The rally on the evening of May 4th, attended by 2,500, went peacefully, despite the tension of the situation. Chicago Mayor Carter Harrison,worried about the situation, observed the rally from the beginning. Recognizing that the rally would be peaceful, he advised Police Captain John Bonfield to send the large force of police at the neighborhood station house home. At about 10pm, with rain starting to fall, the rally wound down, and the crowd had largely dispersed. Only about 200 people remained in the square, when suddenly Bonfield and about 180 police arrived at Haymarket Square, demanding the remnant to disperse immediately. What happened thereafter was chaos, and the facts have never been fully ascertained, but from somewhere a bomb was thrown into the ranks of the police. The police response was to fire indiscriminately into the crowd. The total number killed and injured by the bomb and the police firing remains unknown to this day.

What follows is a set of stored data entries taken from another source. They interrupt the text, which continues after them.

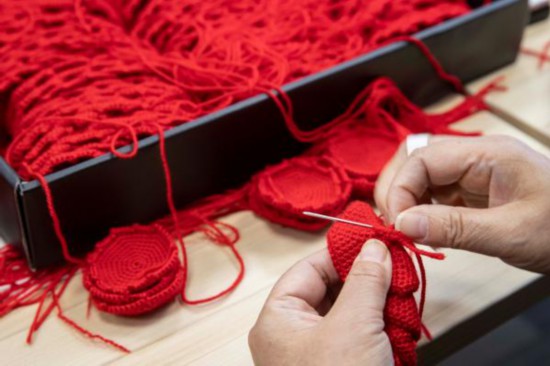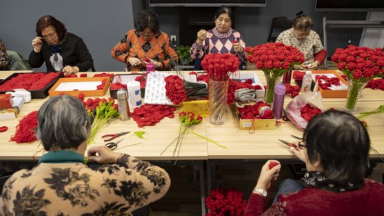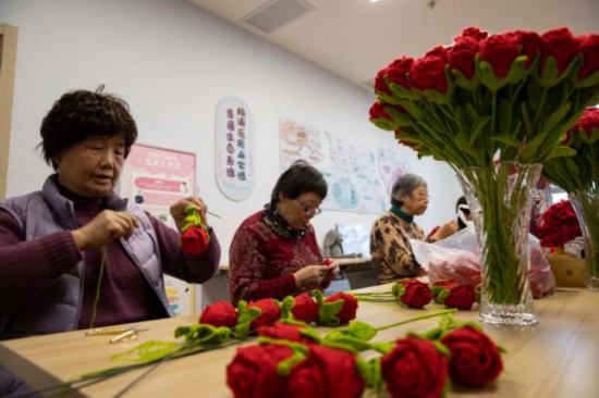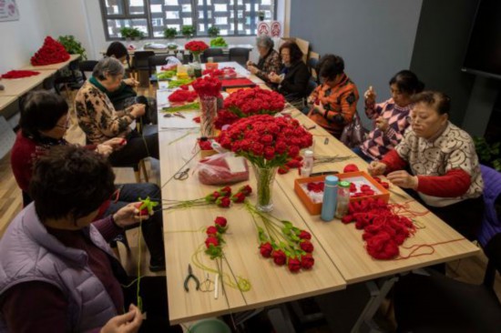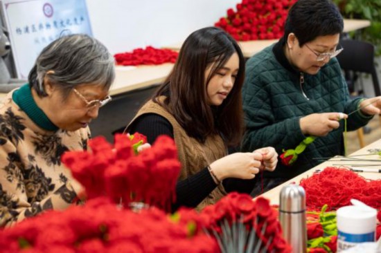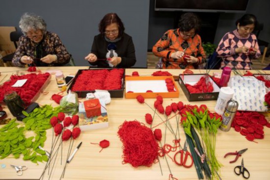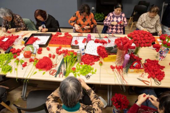 2021年1月6日,位于上海楊浦區國和1000廣場的楊浦區婦女兒童活動中心內,黃宏英和15位“巧手媽媽”正在忙碌地編織紅玫瑰。4400朵純手工制作的絨線紅玫瑰在這里完成組裝,它們將被送到北京2022年冬奧會和冬殘奧會現場,成為世界各國運動員手中的獲獎花束。
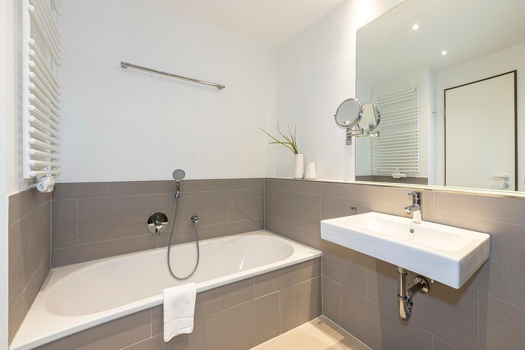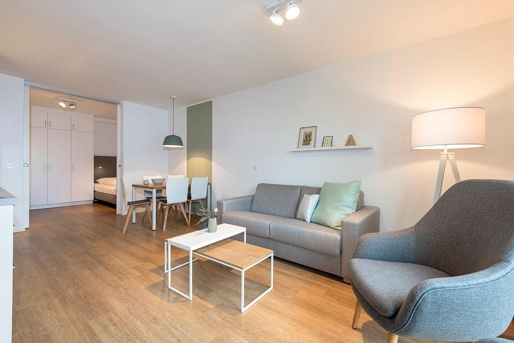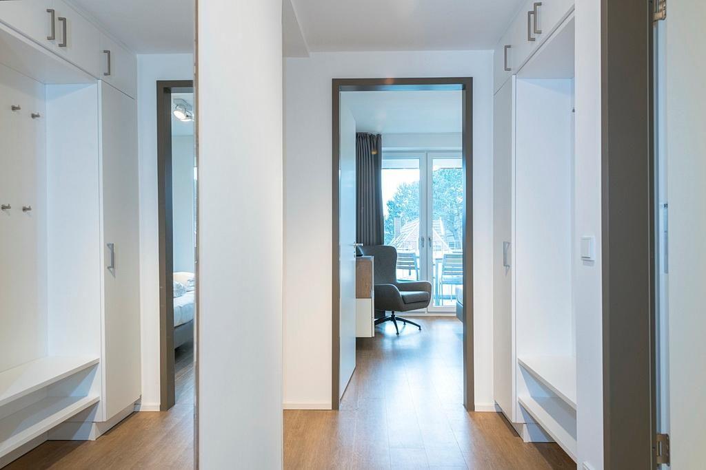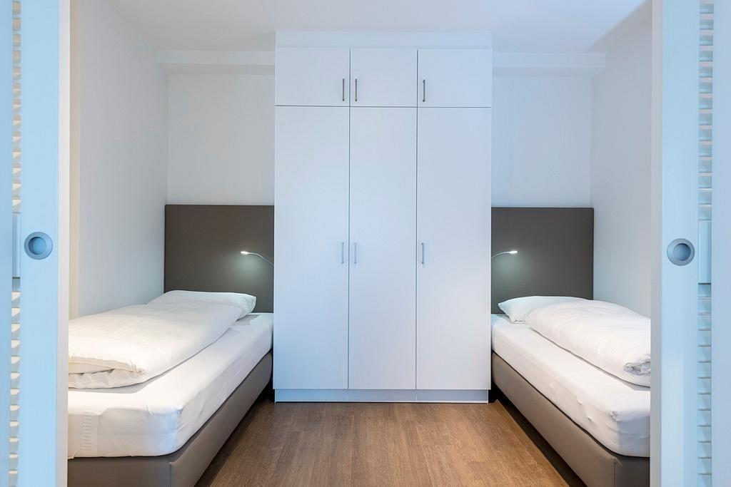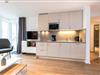 Das barrierearme Nichtraucher-Apartment verfügt über kostenfreies WLAN. Der Wohnbereich, mit einer Schlafcouch, bietet eine voll ausgestattete offene Küchenzeile mit Geschirrspüler, Gefrierfach, Kaffeemaschine, Toaster, Wasserkocher und Mikrowelle mit Grillfunktion sowie einen großen Flatscreen-TV und Radio. Das Apartment verfügt über einen Esstisch und einen behaglichen Sitzbereich. Im separaten Schlafzimmer befindet sich ein Doppelbett und ein zweiter Flatscreen-TV, in einem weiteren Schlafbereich mit Schiebetür stehen euch zwei Einzelbetten zur Verfügung. Ein Kinderbett kann gegen Entgelt aufgestellt werden. Im stilvollen Badezimmer befinden sich eine große begehbare Dusche, eine Badewanne sowie ein Waschtisch mit Föhn und Kosmetikspiegel. Nach einem erholsamen Urlaubstag lässt es sich auf dem sonnigen und geschützten Balkon herrlich entspannen.
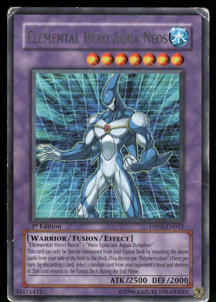 Elemental Hero Aqua Neos DP03-EN012 Yugioh! Duelist Pack 3: Jaden Yuki 2 Rare Yugioh! TCG. If multiple cards are listed, you may not receive the exact one in the photos. All copies are in the same condition. Condition is as shown. Please feel free ask if you'd like to see more photos! All card orders packaged with care using a penny sleeve, top loader and a team bag. Singles up to $20 will be shipped in a PWE, $20+ will be shipped in a Bubble Mailer, anything fragile/sealed (depending on the product) will be shipped in a box. All orders are shipped out within 24 hours.
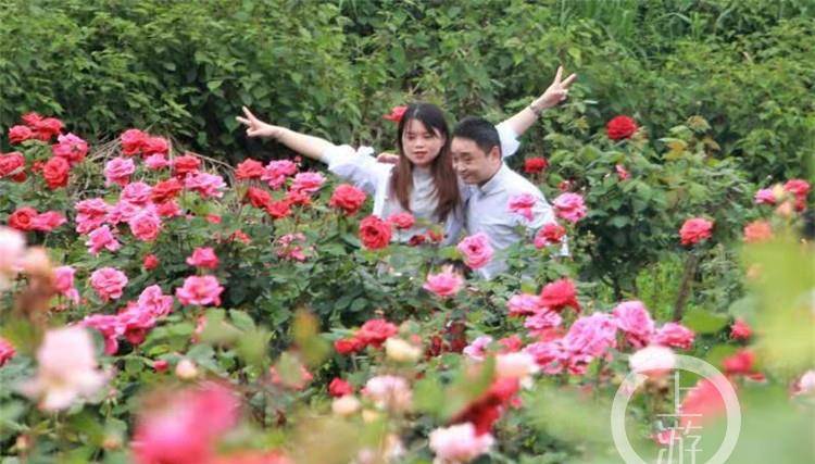 6月13日,沙坪坝区中梁市新发村乡村党支书唐仕川,3000m的“玫瑰花海”主人讨论了天气,因为天气影响他们是否新、晴朗是否影响他们周末的游客数量,以及村民的收入。“玫瑰花海”。

Beginning that night, and for weeks following, a massive crackdown on all elements of the labor movement in Chicago was carried out by the authorities, with the press and the preachers whipping the city into an atmosphere of hysteria. Meeting halls, union offices, printing works and private homes were raided. All known socialists and anarchists were rounded up. Even many individuals ignorant of the meaning of socialism and anarchism were arrested and tortured. "Make the raids first and look up the law afterwards" was the public statement of Julius Grinnell, the state's attorney.
Eventually eight people were put on trial for the bomb throwing: Parsons, Spies, Samuel Fielden, and five anarchists active in the labor movement, Adolph Fischer, George Engel, Michael Schwab, Louis Lingg and Oscar Neebe. The jury was composed of businessmen, their clerks, and a relative of one of the dead policemen.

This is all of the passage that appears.